What I take from your examples (correct me if I am wrong or if I misrepresent you) is that you feel that moral statements are not as evidently subjective as say, ‘Vanilla ice-cream is the best flavor’ but not as objective as, say ‘An electron has a negative charge’, as living in some space of in-betweeness with respect to those two extremes. I’d still call this anti-realism, as you’re just switching from a maximally subjective stance (an individual’s particular culinary tastes) to a more general, but still stance-dependent one ( what a group of experts and-or human and some alien minds might possibly agree upon). I’d say again, an electron doesn’t care for what a human or any other creature thinks about its electric charge.

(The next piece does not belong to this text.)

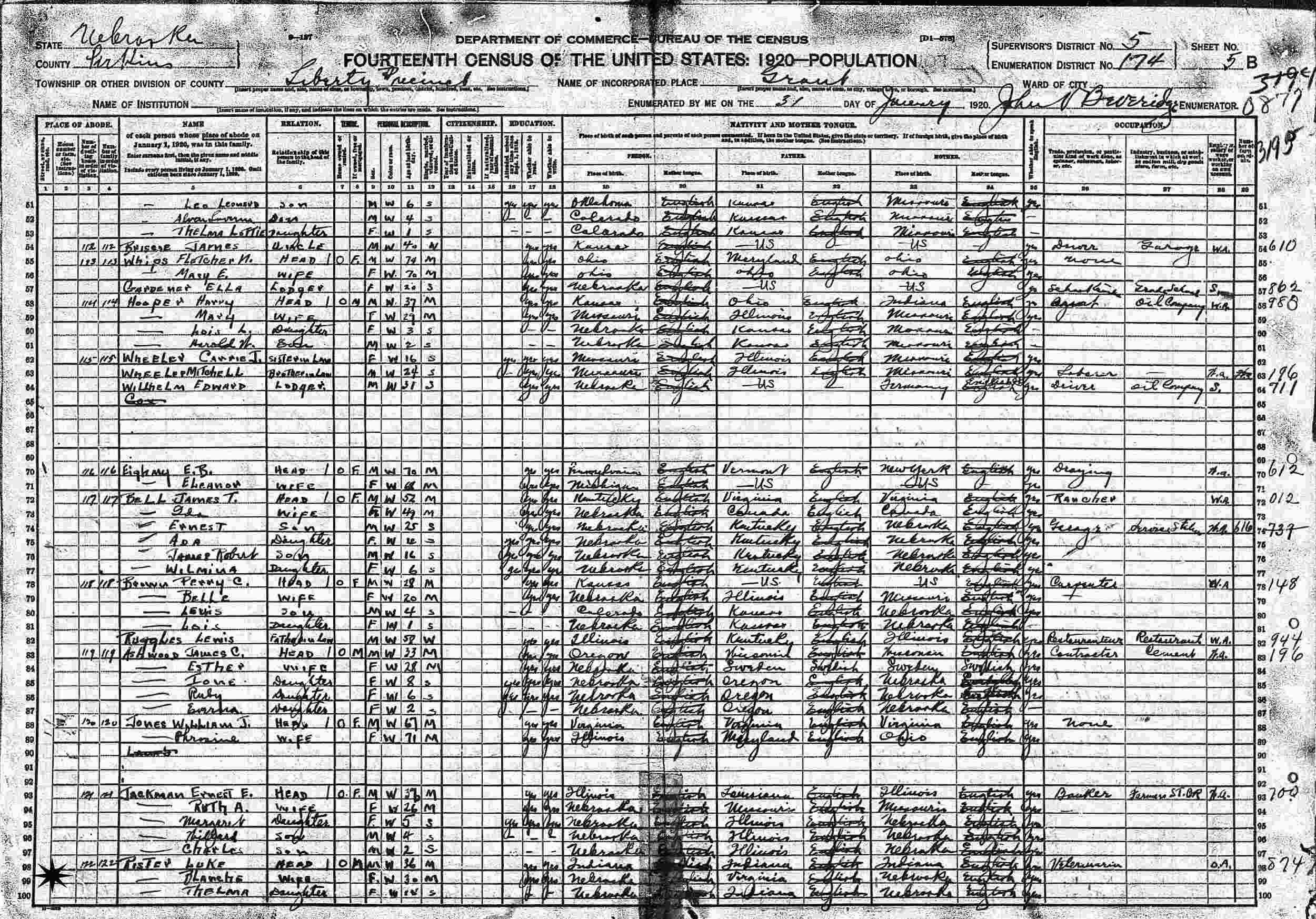 January 31, 1920 - Supervisor's District 6, Enumeration District 174, Liberty Precinct, Grant, Perkins County, Nebraska.

As for each of the bullet points, what I’d say is:
I can see why you’d feel the change from a previous view can be seen as a mistake rather than a preference change -when I first started thinking about morality I felt very strongly inclined to the strongest moral realism, and I know feel that pov was wrong- but this doesn’t imply moral realism as much as that if feels as if moral principles and beliefs have objective truth status, even if they were actually a reorganization of stance-dependent beliefs.
I, on the contrary, don’t feel like there could be ‘moral experts’ - at most, people who seem to live up to their moral beliefs, whatever the knowledge and reasons for having them. Most surveys I’ve seen -there’s a Rationally Speaking episode on this- show that Philosophers and Moral Philosophers specifically don’t seem to behave more morally than their colleagues and similar social and intellectual peers.
Convergence can be explained through evolutionary game theory, coordination pressures, and social learning, not objective moral truths. That many societies converge on certain norms just shows what tends to work given human psychology and conditions, not that these norms are true in any stance-independent sense. It’s functional success, not moral facthood.
I think that’s roughly right. I think that they are unlikely to be more objective than “blue is a more natural concept than grue”, but that there’s a good chance that they’re about the same as that (and my gut take is that that’s pretty far towards the electron end of the spectrum; but perhaps I’m confused).
Yeah, but I think that e.g. facts about economics are in some sense contingent on the thinking of people, but are not contingent on what particular people think, and I think that something similar could be true of morality.
The cleanest example I might give is that if I had a message from my near-future self saying “hey I’ve thought really hard about this issue and I really think X is right, sorry I don’t have time to unpack all of that”, I’d be pretty inclined to defer. I wonder if you feel differently?
I don’t think that moral philosophers in our society are necessarily hitting the bar I would like for “moral expert”. I also don’t think that people who are genuinely experts in morality would necessarily act according to moral values. (I’m not sure that these points are very important.)